One of the worst situations that you can find yourself in is when you are dissatisfied with your CE. If you get to a point where you have grown capability and both parties realise that the growth in the organisation requires a fresh CE, the fact that the existing CE is a material shareholder works in your favour, because you encourage them to act in the best interests of their shares/the company.

But where there's a difference of opinion, what do you do and how do you deal with it? A strong genuine relationship between the chair and the CE, based on candour and mutual respect assists that very difficult situation. This is all Relationship Management 101; having a great relationship in place before you need it. If you don't then you are going to suffer the consequences. The chair can also set up and contribute to the state of ‘no surprises' ie the fact that a CE is not performing to expectation should not be a surprise to them. They should have been given the opportunity to first measure themselves against expected capability then to improve in any areas where they fall short. This approach gives all parties the chance to present and even align their views and can often take the sting out of major changes.

A good chair will consider the good of the organisation, ie exercise fiduciary duty, contribute to the quality of the strategic plan and the health and capability of the CE. They will balance the needs of the various shareholding parties against the health of the organisation.

The investment partner

One of the things that we used to do but have since stopped doing as investors, is to take the role of chair. Although we have some experience in chairing organisations, we found there's a segregation of responsibility that's required between the investor director and the chair.

Experience showed that no matter how close a relationship you have with the chief executive who is the founder, they are still a little bit suspicious of you/what motivates you in certain situations (ie capital raising). The last thing we want is a split in the team at such important stages in the evolution of the venture.

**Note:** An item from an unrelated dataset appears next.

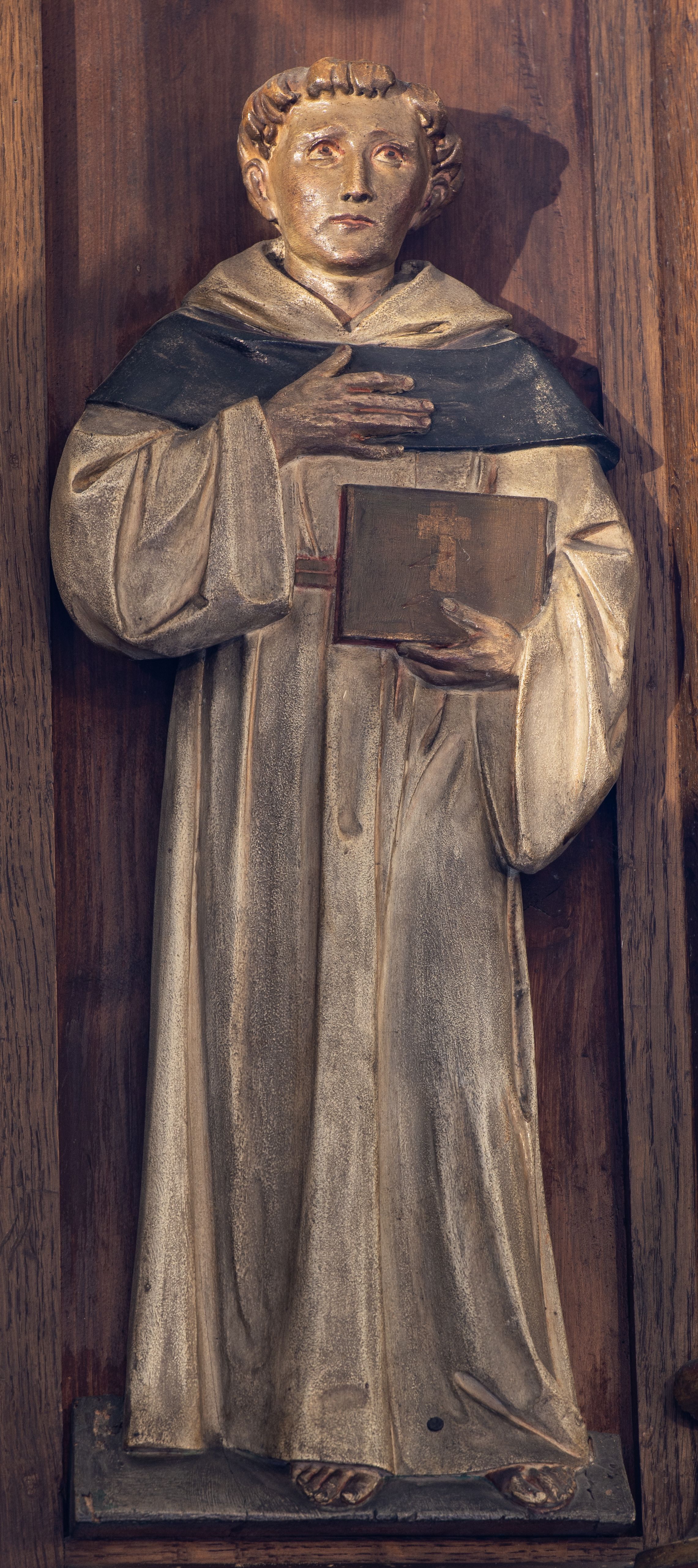 The sculpture of St. Hyacinth of Poland, along with the whole high altar, was created in the Cracovian sculpture workshop of Władysław Druciak in 1914. His works are described as an example of historicism in sacred sculpture of the early 20th century. St. Hyacinth of Poland studied in Italy, where he received Dominican habit from St. Dominic. He died in 1257 and was buried in the Dominican Church in Cracow.

One of the first things we do is get an independent director in as chair, to provide a balancing point between the two sides of shareholders – the investor and the existing shareholders. Quite often, we invest with other investors at the table and we're looking at investing with a group of people who have put "sweat equity" in, and they want to feel secure that their interests are going to be well represented. So there will be a balance of existing shareholders versus the new shareholders. Once trust is established we want to move that board on as quickly as possible and install independent directors that are able to leverage their expertise towards the goals of the business plan. The above goes for us as well – as soon as the board is established and functioning to our satisfaction, we replace ourselves with better qualified independent directors.

Key messages

  1. One of the important balancing factors is the tension between stocking the board with diverse points of view and keeping the board in harmony so that productive conversation can result in great decisions. That's very important, harmony between diversity (because without it, there is no real reason for you to be there as a board) and commonality of purpose that allows you to capitalise on that diversity. It's much easier to achieve that when you induct directors to strongly articulate the values and goals of the organisation.
  2. When you're investing you've got a set of goals that are very well documented. So it's easier to articulate that through the interview and induction process. Generally speaking, then you should not make so many mistakes in bringing people in.
  3. Ideally, there is an odd number for the early board, with a balance between the number of directors appointed by founding shareholders and the number of directors appointed by investment shareholders, and the balance of power held by a chair who both parties have appointed. We would very reluctantly move away from that ideal now, because you can spend so much energy in conflict in a board – and it's a terrible waste.